Section: New Results
Underwater acoustic communications
Participants : A. Kibangou [ contact person ] , C. Siclet, L. Ros, G. Gomez.
Nowadays, a great interest is dedicated to study fleets of AUVs working together to reach a common objective such as a gradient search for source detection; that is the overall goal of the CONNECT project. For this purpose derivation of distributed, multi-vehicle co-ordination schemes and development of efficient underwater acoustic communication protocols are needed. Current underwater acoustic modems are based on very classical single-carrier modulation with a very low bit rate. For achieving high data rate and large system capacity, Orthogonal Frequency Division Multiplexing (OFDM) has been claimed to be an efficient communication technology. It allows designing low complexity receivers to deal with highly dispersive channels. This fact motivates the use of OFDM in underwater environments.
Underwater acoustic channels are wideband in nature due to the small ratio of carrier frequency to the signal bandwidth, which introduces frequency-dependent Doppler shifts  . They also exhibit several propagation paths.
In order to adequately recover the transmitted information, algorithms at the receiver must include estimation and compensation of the Doppler scaling factor, channel estimation, and information symbols estimation. Several approaches have been suggested in the literature for estimating the Doppler scaling factor. They are based on the use of preamble and postamble of a packet consisting of multiple OFDM blocks  or by exploiting correlation induced by the cyclic prefix  . Then, the received signal is resampled by using a sampling period related to the estimated Doppler scaling factor. It is also necessary to estimate and compensate for the residual carrier frequency offset (CFO) since the Doppler can vary between consecutive OFDM blocks inside a given packet.

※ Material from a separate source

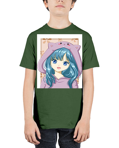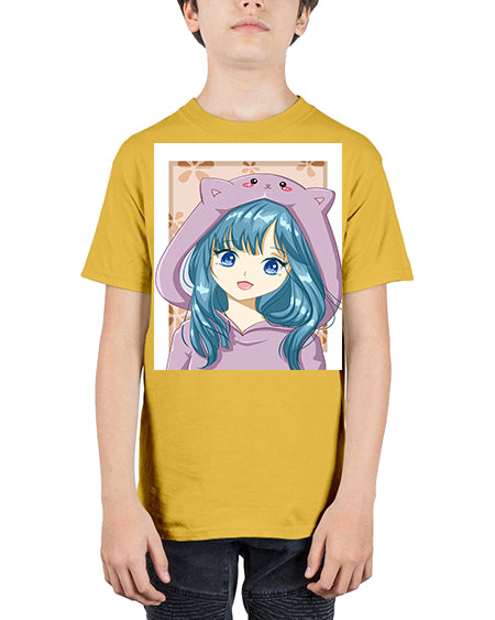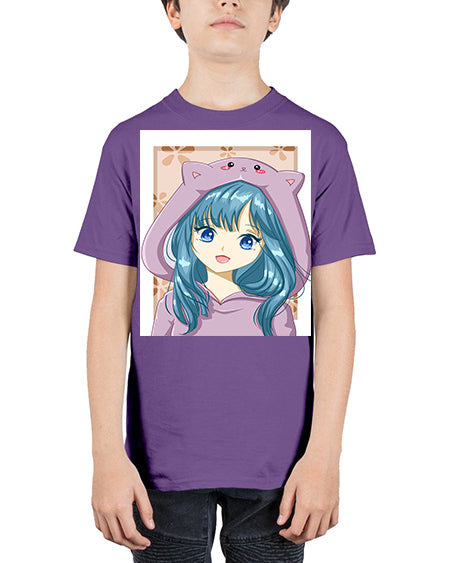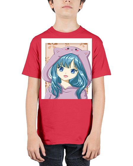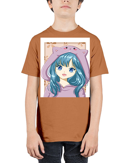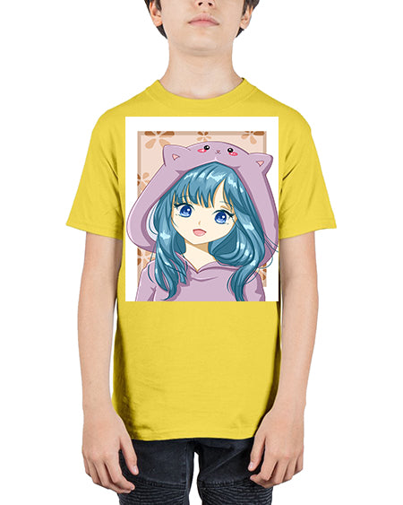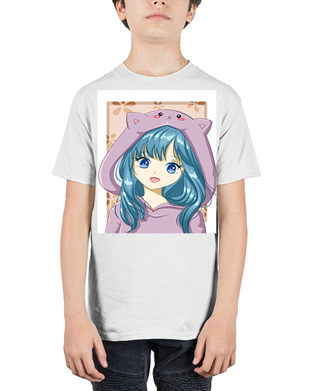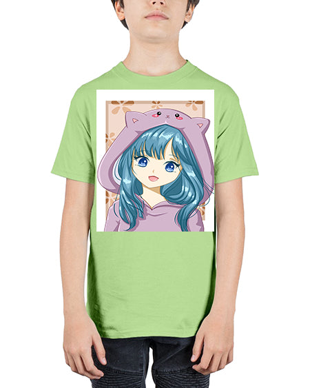 Cute and beautiful girl with cat jacket 107# - anime - Youth Tee Unisex

In our studies, the received data are processed block-by-block. We make use of high resolution harmonic estimation methods to estimate both Doppler scaling factor and channel parameters (path gains and delays)  . The advantage of the proposed scheme is to avoid data resampling and residual CFO estimation and compensation. The estimated channel parameters and Doppler are then used to build a channel matrix that is used for estimating the informative symbols following a zero forcing scheme  .

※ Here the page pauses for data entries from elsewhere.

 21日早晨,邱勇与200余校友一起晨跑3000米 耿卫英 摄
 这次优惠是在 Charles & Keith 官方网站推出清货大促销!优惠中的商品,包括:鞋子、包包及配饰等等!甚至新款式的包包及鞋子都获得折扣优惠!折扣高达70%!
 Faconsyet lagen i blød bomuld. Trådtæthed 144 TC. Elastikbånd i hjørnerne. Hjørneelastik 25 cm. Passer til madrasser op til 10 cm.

This work can be easily extended to the multiple access channel technique called OFDMA (Orthogonal Frequency Division Multiplex Access), which can significantly reduce the latency induced by TDMA (Time Division Multiplex Access) based protocols currently used. We also investigate transmitter/receiver using tensor algebra tools. We have indeed recently developed new algorithms  and applications on nonlinear system identification  ,  based on multilinear algebra.